- Raw data -
# # # # #

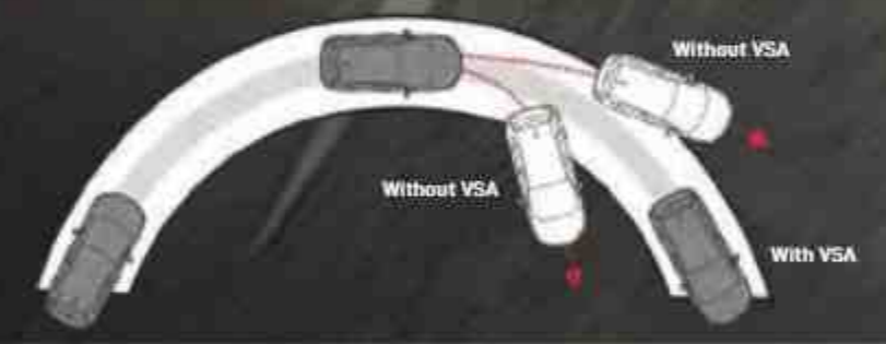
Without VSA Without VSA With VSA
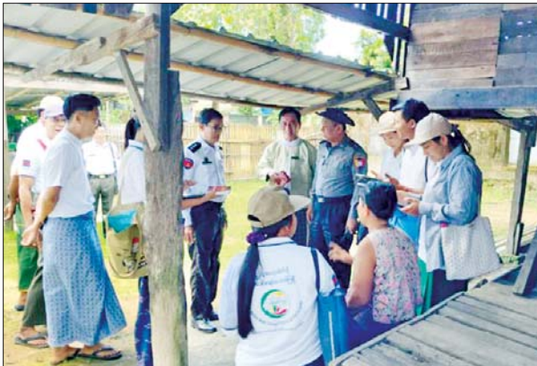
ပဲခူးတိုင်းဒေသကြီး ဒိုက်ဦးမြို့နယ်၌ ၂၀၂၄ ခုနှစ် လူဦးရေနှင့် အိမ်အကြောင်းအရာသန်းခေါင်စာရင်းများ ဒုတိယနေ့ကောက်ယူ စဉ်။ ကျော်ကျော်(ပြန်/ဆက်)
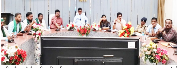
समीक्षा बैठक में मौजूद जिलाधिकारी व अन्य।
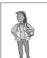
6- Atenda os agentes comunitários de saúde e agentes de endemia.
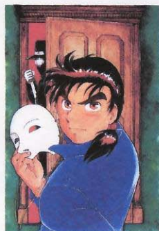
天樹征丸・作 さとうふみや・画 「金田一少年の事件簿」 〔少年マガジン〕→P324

# # # # #

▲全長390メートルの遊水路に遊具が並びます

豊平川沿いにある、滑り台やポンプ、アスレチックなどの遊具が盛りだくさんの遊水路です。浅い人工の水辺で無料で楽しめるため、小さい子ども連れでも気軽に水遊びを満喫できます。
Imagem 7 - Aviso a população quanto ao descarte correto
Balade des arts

# # # # #

- Work to complete -
Going back to the data above, write out everything from the line with "समीक्षा बैठक में मौजूद जिलाधिकारी व अन्य।" down to the line with "天樹征丸・作 さとうふみや・画 「金田一少年の事件簿」 〔少年マガジン〕→P324", both included, leaving every picture out.

- Answer section -
समीक्षा बैठक में मौजूद जिलाधिकारी व अन्य।
6- Atenda os agentes comunitários de saúde e agentes de endemia.
天樹征丸・作 さとうふみや・画 「金田一少年の事件簿」 〔少年マガジン〕→P324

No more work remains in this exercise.